Phase 1 — local (in-process on every surface)

  • Desktop: the engine runs in the WebView's JS runtime (ADR-0018), so run events are delivered WebView-side over the engine's in-process RunEventBus — they do not cross IPC as RunEvents. The one Rust→WebView channel on the hot path is the delegated LLM egress's typed, backpressure-aware Channel<StreamChunk>: if the WebView consumer lags, the Rust sender awaits, throttling the egress without dropping chunks; the adapter folds those chunks into agent:token events on the WebView-side bus. See ipc-contract.md.
  • CLI / VS Code: the engine runs in-process; events are delivered via the engine's RunEventBus (a platform-free, in-house typed event bus — not Node's node:events; ADR-0036) or the co-equal RunHandle.events async iterable.

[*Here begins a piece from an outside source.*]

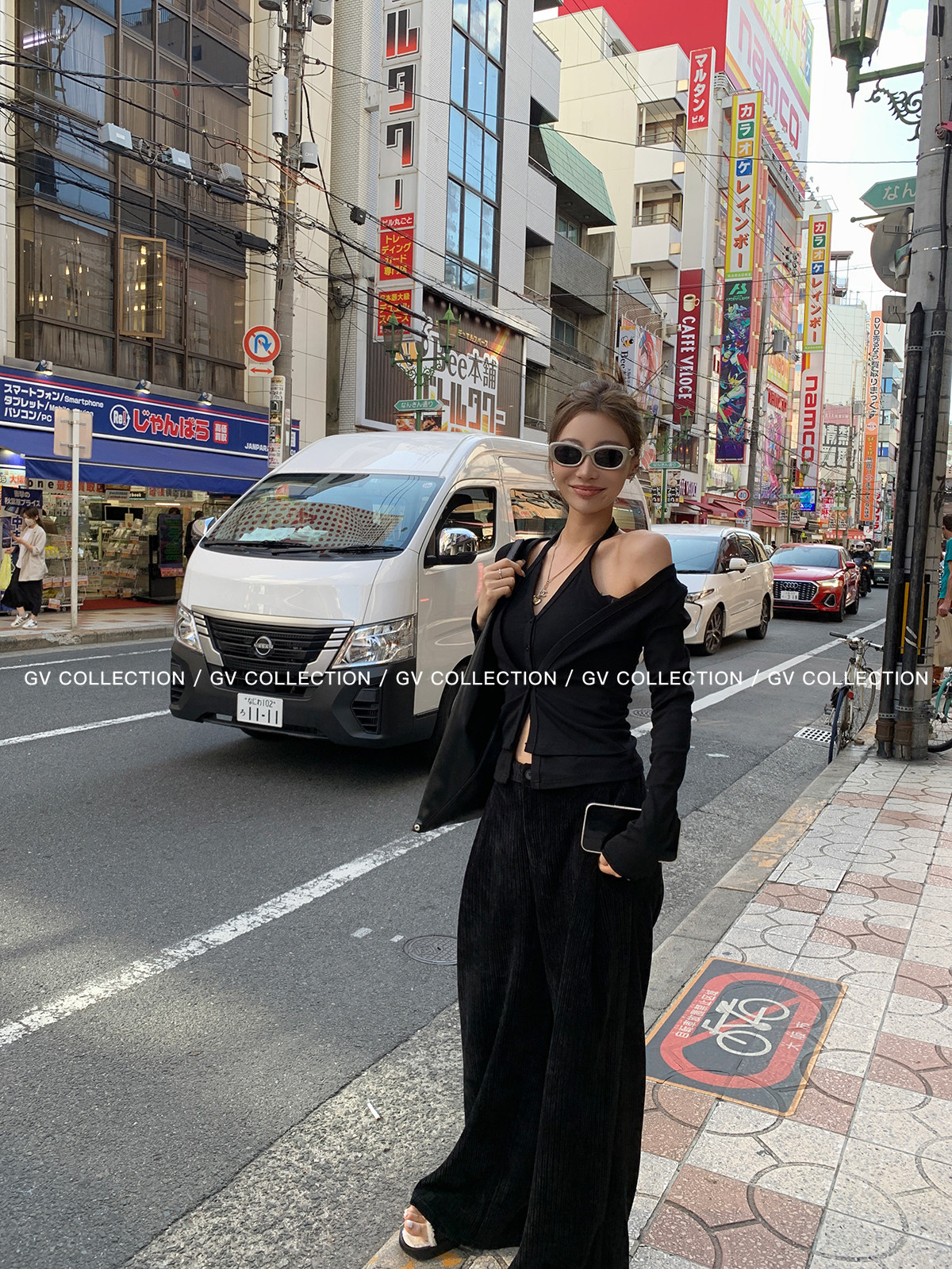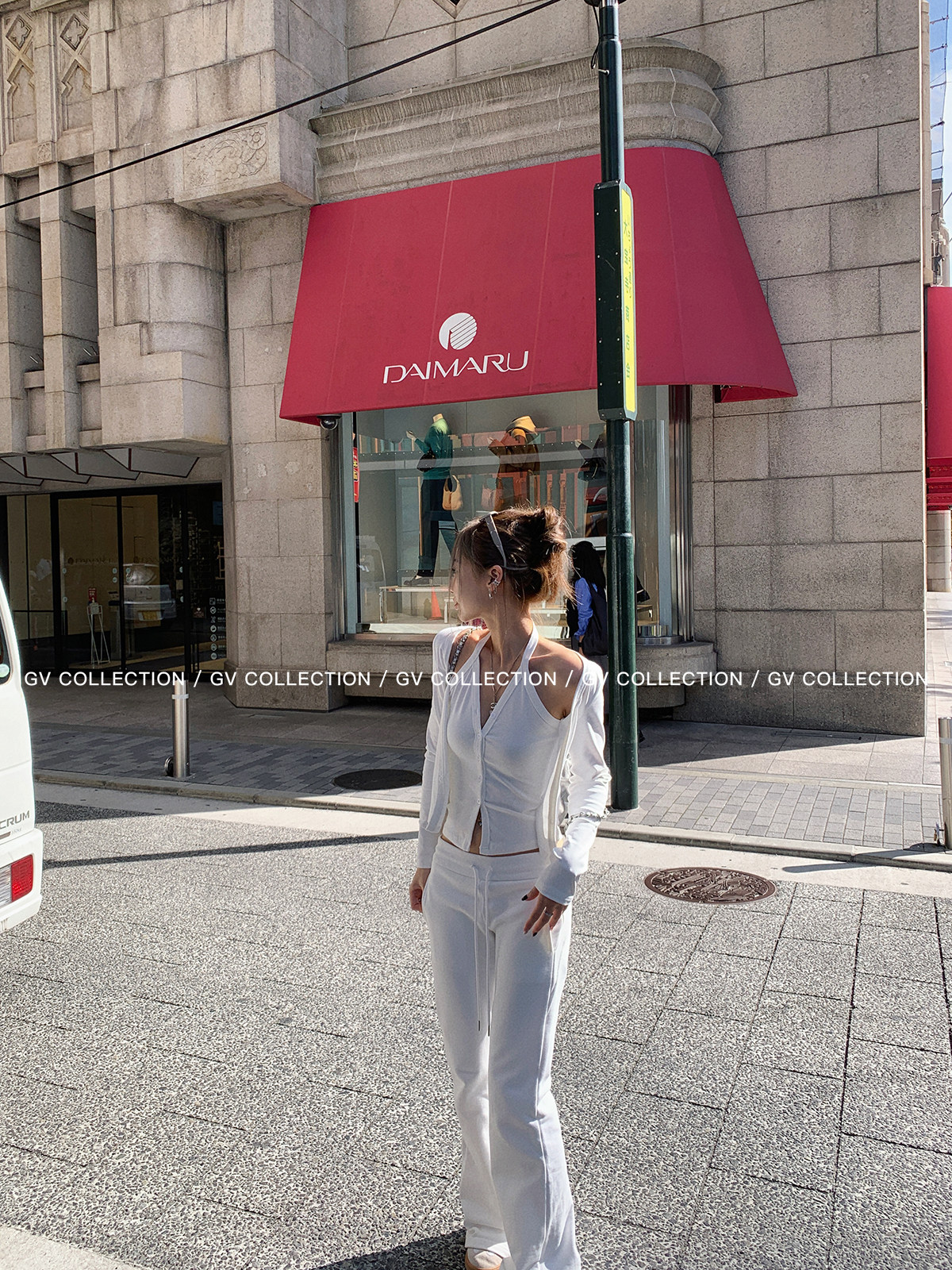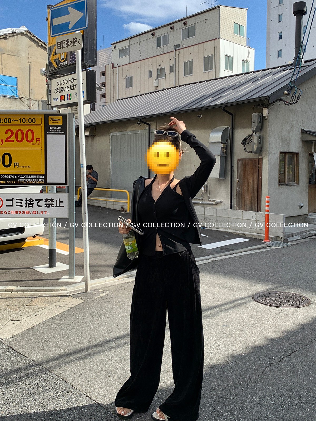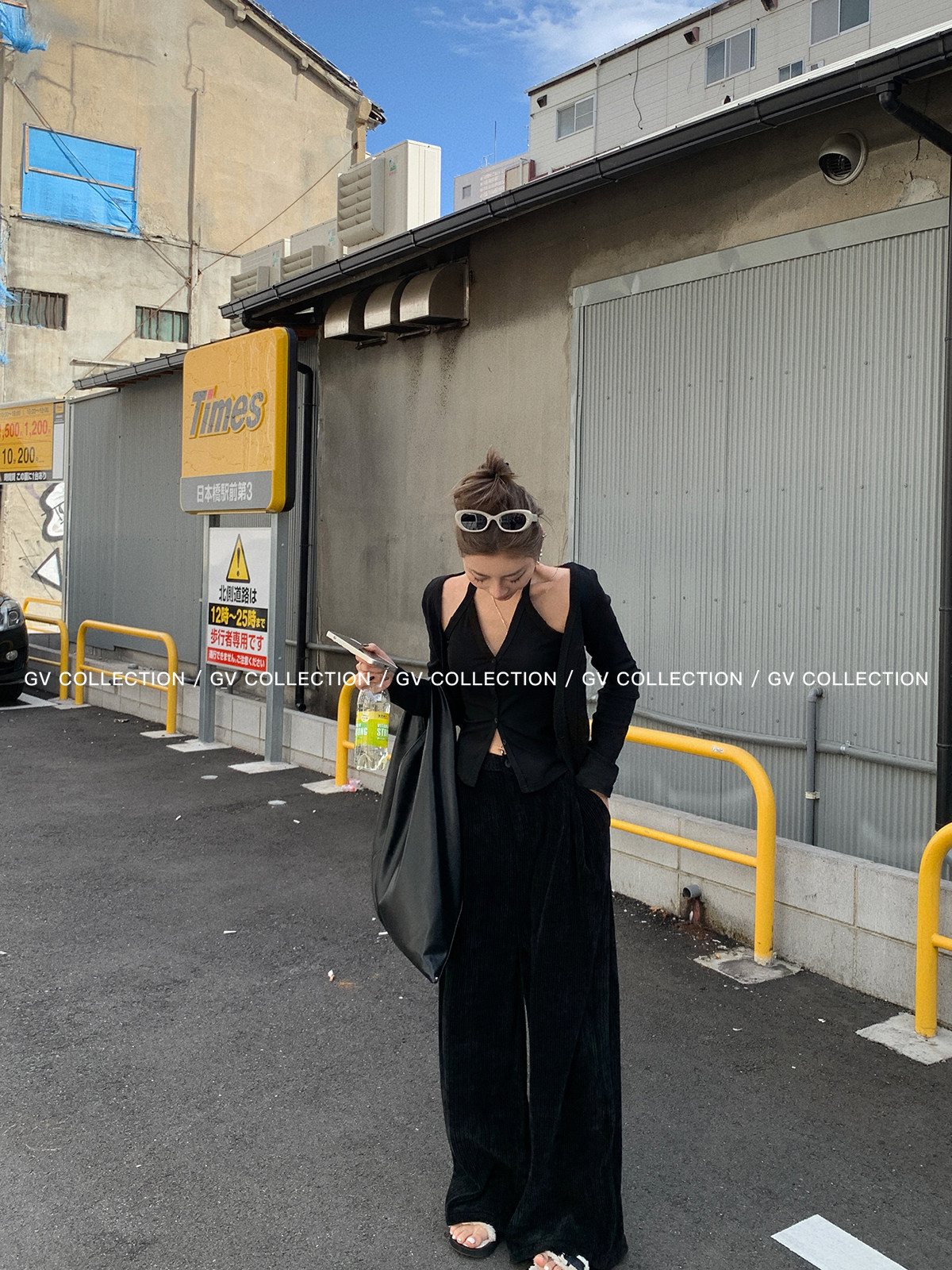 GV大白哥 Bi入!簡約心機 假兩件吊帶掛脖上衣性感小衆修身開衫女

Phase 2 — cloud (HTTP SSE)

The cloud API exposes the same stream as Server-Sent Events. Reconnection uses sequenceNumber (and SSE Last-Event-ID) for gap detection and resync against durable run state. A singleton SseManager owns the EventSource lifecycle with exponential-backoff reconnect (500ms → 1s → 2s → 4s, cap 30s) and a GET /runs/:id/state resync on reconnect.

Legacy event-name note. Earlier design drafts used dotted event names (node.started, node.token, node.completed, node.error, run.complete, human_gate.pending, cost.update) with a { type, nodeId, payload, seqNo } envelope. The canonical contract going forward is the colon-namespaced RunEvent union above with sequenceNumber. New code targets the union; the dotted names are recorded here only to disambiguate older references.